>>>

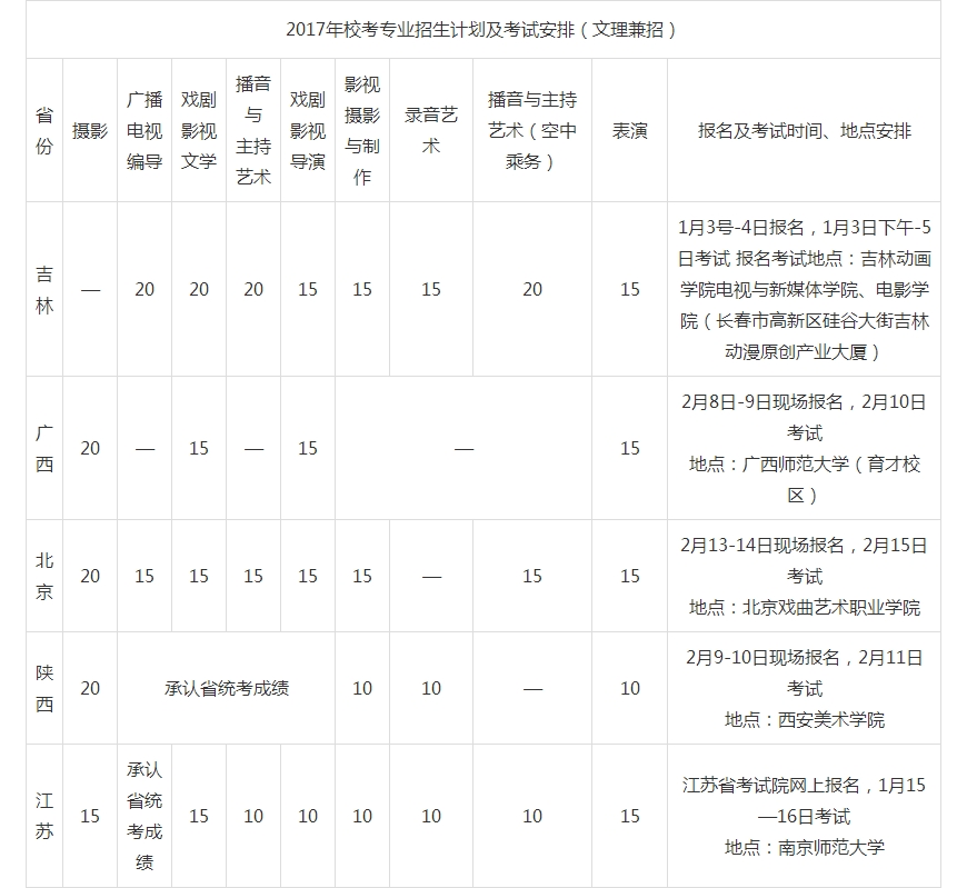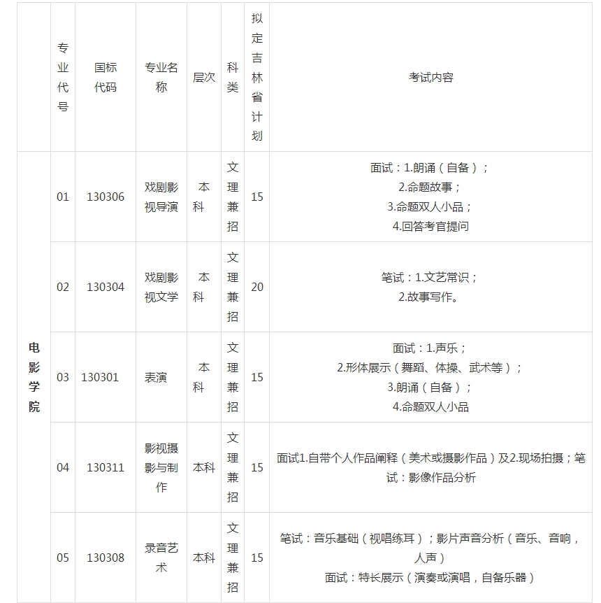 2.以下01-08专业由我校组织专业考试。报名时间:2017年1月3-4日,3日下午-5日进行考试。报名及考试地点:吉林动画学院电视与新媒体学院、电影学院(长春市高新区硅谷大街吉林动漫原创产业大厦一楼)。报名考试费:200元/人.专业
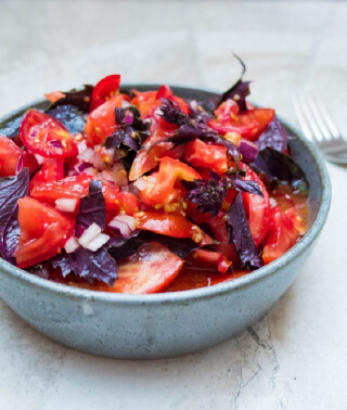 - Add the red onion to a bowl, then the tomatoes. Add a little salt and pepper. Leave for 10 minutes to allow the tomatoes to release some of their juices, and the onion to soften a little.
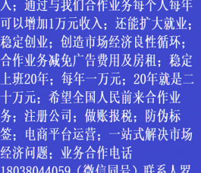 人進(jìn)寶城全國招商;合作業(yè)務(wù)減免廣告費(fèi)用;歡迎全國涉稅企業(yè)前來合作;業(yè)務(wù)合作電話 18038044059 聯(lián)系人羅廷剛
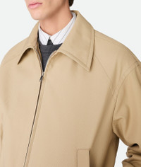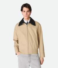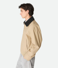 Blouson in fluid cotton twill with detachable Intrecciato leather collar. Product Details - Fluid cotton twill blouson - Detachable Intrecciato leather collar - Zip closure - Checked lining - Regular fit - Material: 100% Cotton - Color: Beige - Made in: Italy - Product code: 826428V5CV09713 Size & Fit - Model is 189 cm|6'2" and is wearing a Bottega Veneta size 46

<<<

**TASK INSTRUCTIONS:**
Print the entire listing precisely as written, omitting the images it holds.

**TASK RESPONSE:**
 2.以下01-08专业由我校组织专业考试。报名时间:2017年1月3-4日,3日下午-5日进行考试。报名及考试地点:吉林动画学院电视与新媒体学院、电影学院(长春市高新区硅谷大街吉林动漫原创产业大厦一楼)。报名考试费:200元/人.专业
 - Add the red onion to a bowl, then the tomatoes. Add a little salt and pepper. Leave for 10 minutes to allow the tomatoes to release some of their juices, and the onion to soften a little.
 人進(jìn)寶城全國招商;合作業(yè)務(wù)減免廣告費(fèi)用;歡迎全國涉稅企業(yè)前來合作;業(yè)務(wù)合作電話 18038044059 聯(lián)系人羅廷剛
 Blouson in fluid cotton twill with detachable Intrecciato leather collar. Product Details - Fluid cotton twill blouson - Detachable Intrecciato leather collar - Zip closure - Checked lining - Regular fit - Material: 100% Cotton - Color: Beige - Made in: Italy - Product code: 826428V5CV09713 Size & Fit - Model is 189 cm|6'2" and is wearing a Bottega Veneta size 46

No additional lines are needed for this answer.